9月10日 森富美

旅先の地名が入ったグッズをお土産にするのは、あまりにもベタすぎやしないか・・・


一度手に取った商品を棚に戻し、店を出て、
でも、店の前を何度も行ったり来たり。
結局レジに運んだのは
「FINLAND」の文字が入ったマグカップ。
お土産と言っても、誰かの為ではなく、
自分の記念品です。


今年2月、世界一受けたい授業の取材でフィンランドに行きました。
「世界一幸せな国」と言われる秘密を探るというミッション、
前の大統領と、現職の教育大臣、日本でも人気のマリメッコの皆さんもインタビューに答えてくださいました。


驚いたのは、事前にアポイントを取ったわけではない
街でたまたま出会った人々も、
日本からやってきたロケ隊の質問に
丁寧に、誠実に、相当な分量の言葉で答えてくれること。
生きるということに対して、
「なんとなく」や「いきあたりばったり」ではなく、
よくよく考えて進む道を選んできた人たちなんだろうなあと感じられました。
そして、自分の選んだ道と同様に、周りの人が選んだ道も大切にすることが、
この国の素敵なところです。


多くの人は、仕事を夕方4時で切り上げて帰ります。
夕食と週末は家族と過ごす時間だからです。
夏休みはまるまる1か月。
その間、職場から連絡が入ることはありません
森に行ってベリーを摘んだり、湖のログハウスで過ごしたりするそうです。
もちろんサウナも!
決して派手でゴージャスなお休みではありませんが、なんて豊かな時間なんでしょう。


また、フィンランドには「イクメン」という言葉も、「働く母親」という言葉もないと聞きました。
育児は男女両方がして当たり前、
女性が働くことも当たり前、
だから特別な名前を付ける必要がないのです。
もちろん、会社勤めだけが「働く」でないこと、
そういう生き方を選ぶことも同じように尊重されることも当然です。


去年フィンランドの首相に選ばれたサンナマリンさんは、34歳で一児の母。
でも、若いことや、女性であること、お母さんであることが
フィンランド国内で注目されることはなかったそうです。
それは、首相としての仕事ぶりとは関係がないから。
日本の感覚では驚きですが、性別・年齢、その他の情報で人を判断しないというところも「幸せ」につながるのかもしれません。


「母」については、こんなこともありました。


私にとってこのロケは、母親になってから初めての海外出張でした。
家のことは大丈夫だろうかと不安もありましたが、
夫は仕事の時間を調整して、朝食も夕食も作って息子と過ごしてくれましたし、
当時5年生だった息子は、自分のことは自分でし(私が寝る前に読んでやっていた本を一人で読み、毎晩つけてやっていた保湿クリームを自分でてんこ盛りに塗り)、
父子二人の時間は充実していたようです。
帰国後、お世話になったフィンランド人の女性に「母親初海外出張成功!」を報告すると
「それは良かったですね。
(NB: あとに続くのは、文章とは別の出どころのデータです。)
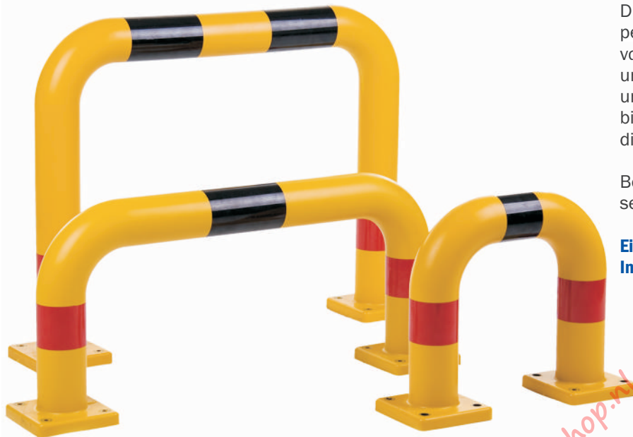
Abm. Grundplatte 140 x 140 x 20 mm

Die Rammschutzbügel sind die perfekte Lösung zum Schutz von Gebäudeteilen, Maschinen und Inventar. Die unterschiedlichen Größen bieten für jeden Einsatzzweck die richtige Lösung.
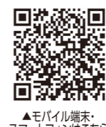
▲モバイル端末、スマートフォンはごちよ

〒700-8570 岡山市北区山下2-4-6 https://www.pref.okayama.jp/site/gikai/
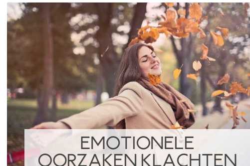
EMOTIONELE OORZAKEN KLACHTEN LESWEEKEND TEXEL
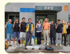
골드9차 아파트 칼같이봉사

でも、家を空けることについて罪悪感を持つのが「母親だから」なのであれば、それはおかしい。育児をする権利も、仕事をする権利も父母両方にあります。本来、父が不在になるのも母が不在になるのも、同じはずですよ」
と言われて、ガ~ン!
フィンランド式を取り入れるには、意識変革がまだまだ必要でした・・・


フィンランドで「幸せ」のヒントをもらったこと、
我が子の成長と、夫のありがたさを感じられたこと、
そして母親になっても仕事をあきらめなくていいんだと知ったことの記念が、
この「FINLAND」のマグカップ。
なみなみつぐと500ミリリットル近く入る大ぶりのマグは、
飲み物を入れて持つとずっしりと重く、
それが責任と喜びの重さだと感じられもするのです。